The point is answered accordingly.
16. POINT No.3:
Since Point No.2 is answered in favour of the opposite party, this point is also answered in favour of the opposite party.
17. In the result, the complaint is dismissed. No costs.
Dated at Pondicherry on this the 12th day of November, 2007.
CW1 – Annamarie (complainant)
CW2 – Dr. Krishnakumar
OPPOSITE PARTY’S WITNESSES:
RW1 – Dr. K. Sivadasan, (Opposite party).
Ex.C1 – 16.05.2004 – Medical bill by Sri Sai Kirupa Hospital.
Ex.C2 – 09.06.2004 – Discharge summary of Annamarie.
Ex.C3 – 24.05.2004 – Discharge summary of Madhava Hospital.
Ex.C4 – 12.07.2004 – Prescription of Dr. R.V. Krishnakumar.
Ex.C5 – 05.06.2004 – Medical bill by Sri Sai Kirupa Hospital.

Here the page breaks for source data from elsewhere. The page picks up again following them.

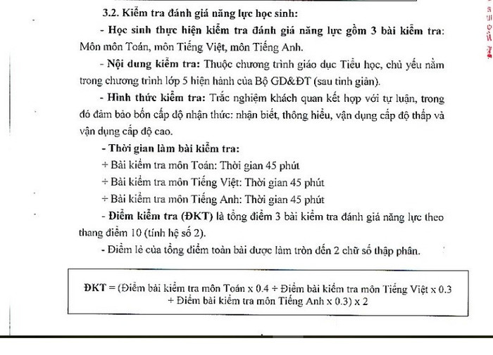 Về kiểm tra đánh giá năng lực, học sinh sẽ phải thực hiện 3 bài kiểm tra môn Toán, Tiếng Việt, Tiếng Anh bằng hình thức trắc nghiệm kết hợp với tự luận.
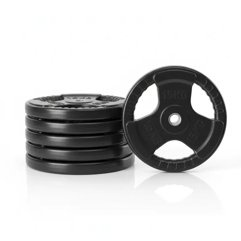 Set de poids standard 80 kg avec revêtement en caoutchouc et 3 poignées
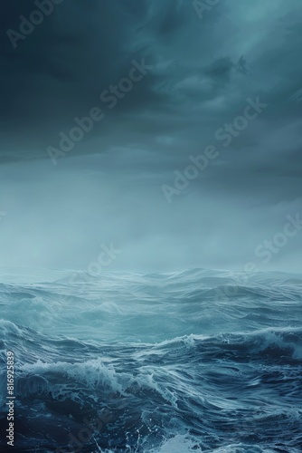 Naklejka premium Stormy ocean landscape with dramatic lighting - Dramatic and intense ocean...
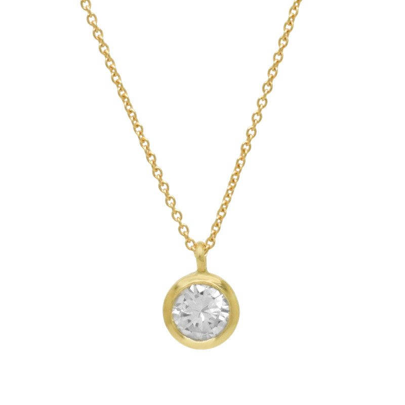 Colgante tipo dormilona en oro amarillo de 18 quilates y un diamante talla brillante (0.25 ct), con cadena de 42 cm.
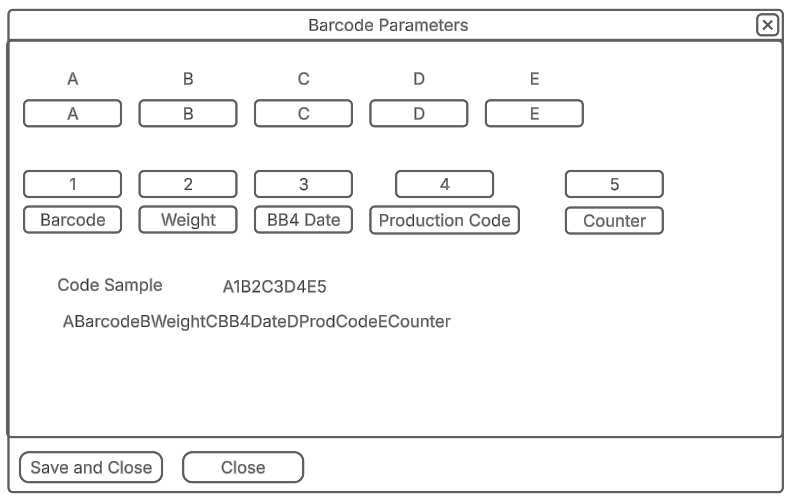 | A to E fields | Sets parameters to set for Barcode serial number |

Ex.C6 – 27.07.2004 – Discharge summary by Miot Hospital.
Ex.C7 – 04.08.2004 – Discharge summary by Miot Hospital.
Ex.C8 – 11.12.2004 – Certificate by Miot Hospital.
Ex.C9 – 26.01.2005 – Advocate notice issued by complainant to opposite party.
Ex.C10- 24.02.2005 – Reply by Sri Sai Kirupa Hospital.
Ex.C11- (series) - Cash bills by Miot Hospital (14 Nos).
Ex.C12- (series) - Cash bills for purchase of medicines and lab charges (18 Nos.)
Ex.C13- (series) - Medical Bills of Sai Kirupa Hospital (11 Nos.)
Ex.C14- (series) - Medical Bills of Madhava Hospital (18 Nos.)
Ex.C15- (series) - Medical bills of Madhava Hospital (10 Nos.)
Ex.C16- 15.07.2004 – Lab report of Miot Hospital.
Ex.C17- (series) - Prescriptions of complainant (8 Nos.)
Ex.C18- (series) - Recipes (6 Nos.).
Ex.C19- 12.07.2004 – X-ray.
OPPOSITE PARTY’S EXHIBIT:
Ex.R1 – 15.05.2004 – Case-sheet pertaining to complainant produced by RW1.